» Activity: Pictures in the material below are to be left out, and only the lines from the line with "30일 오후 서울 종로구" up to and including the line with "Grunge Punk Minigonna" are to be written out exactly.

» Dataset records:
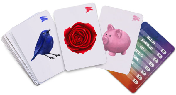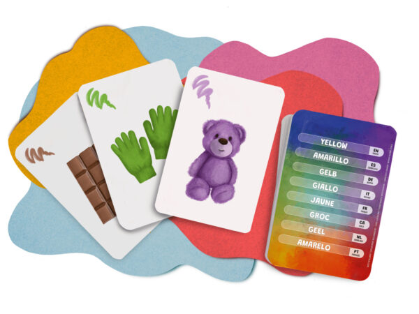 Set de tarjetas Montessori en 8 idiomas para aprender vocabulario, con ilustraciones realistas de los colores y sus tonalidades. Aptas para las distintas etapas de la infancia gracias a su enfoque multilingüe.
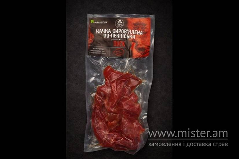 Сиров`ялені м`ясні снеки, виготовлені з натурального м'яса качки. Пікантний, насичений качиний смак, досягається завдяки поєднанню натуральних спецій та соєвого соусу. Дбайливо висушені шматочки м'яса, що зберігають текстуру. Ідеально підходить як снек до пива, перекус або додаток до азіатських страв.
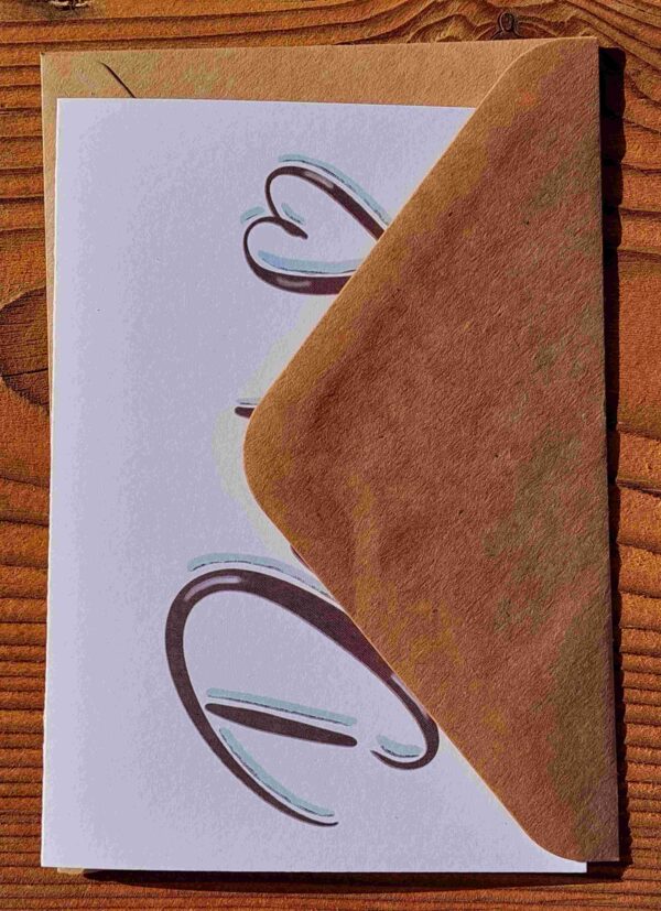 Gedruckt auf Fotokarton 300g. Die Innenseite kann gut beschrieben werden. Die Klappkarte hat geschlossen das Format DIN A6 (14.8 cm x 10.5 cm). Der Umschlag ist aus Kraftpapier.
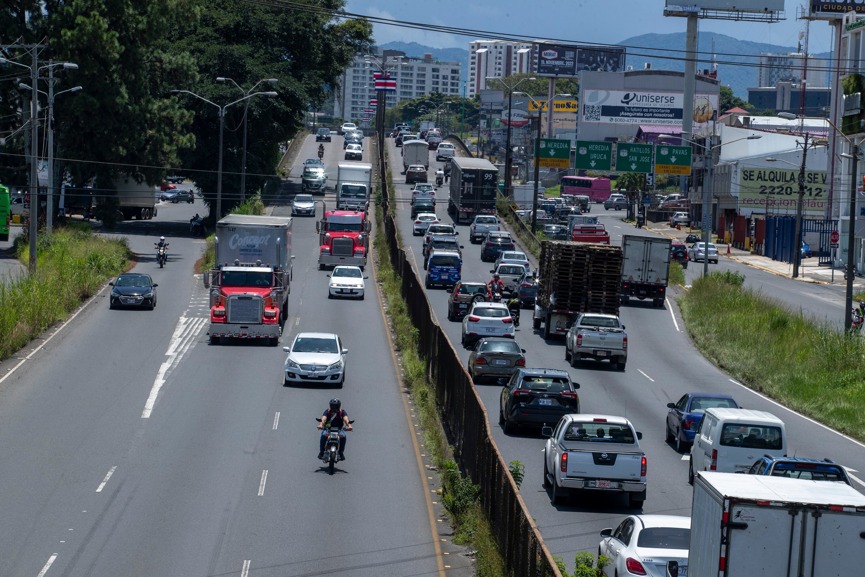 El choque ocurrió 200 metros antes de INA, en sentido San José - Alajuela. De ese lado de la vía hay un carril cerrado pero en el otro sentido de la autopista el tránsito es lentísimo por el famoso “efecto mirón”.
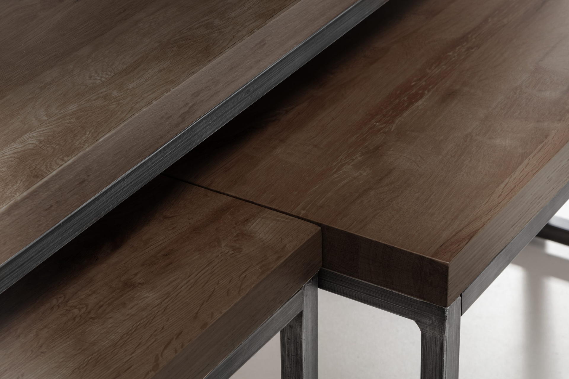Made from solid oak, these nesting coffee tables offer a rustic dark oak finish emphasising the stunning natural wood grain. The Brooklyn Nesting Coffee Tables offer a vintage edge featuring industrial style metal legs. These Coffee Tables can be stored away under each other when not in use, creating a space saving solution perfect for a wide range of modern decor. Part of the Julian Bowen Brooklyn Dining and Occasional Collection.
--
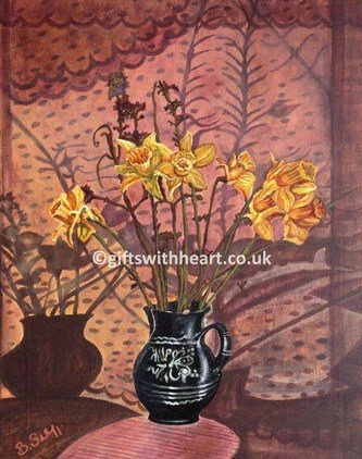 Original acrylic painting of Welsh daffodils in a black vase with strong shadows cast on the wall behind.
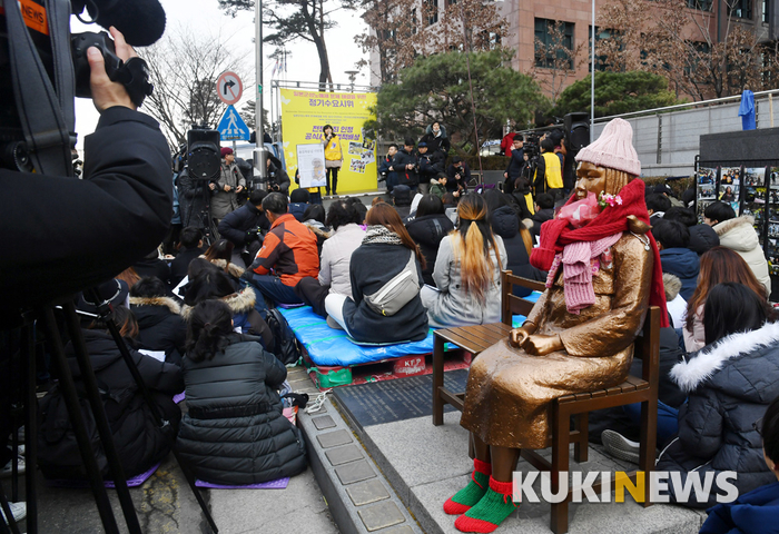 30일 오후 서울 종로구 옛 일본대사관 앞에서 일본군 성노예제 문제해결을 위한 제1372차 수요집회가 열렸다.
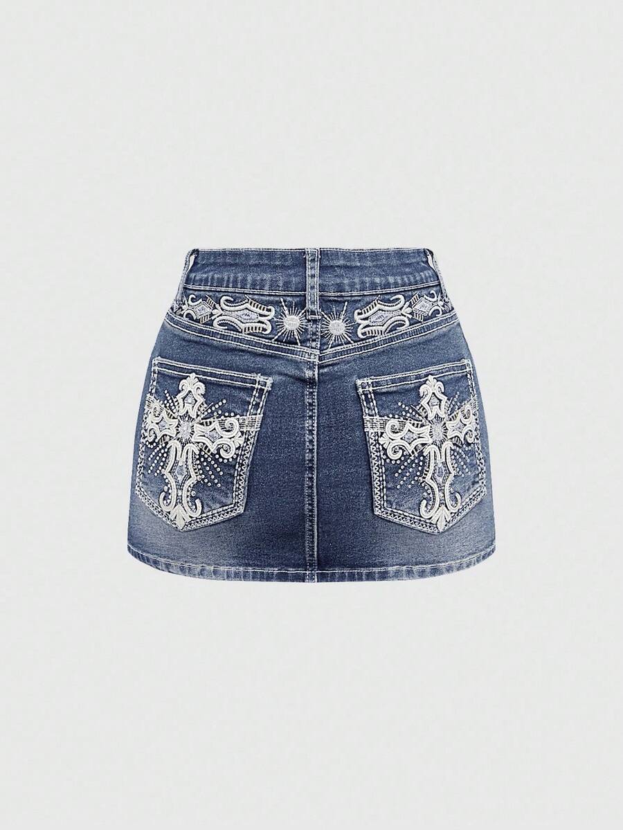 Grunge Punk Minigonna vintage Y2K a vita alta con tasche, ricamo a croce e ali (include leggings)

» Expected output:
 30일 오후 서울 종로구 옛 일본대사관 앞에서 일본군 성노예제 문제해결을 위한 제1372차 수요집회가 열렸다.
 Grunge Punk Minigonna vintage Y2K a vita alta con tasche, ricamo a croce e ali (include leggings)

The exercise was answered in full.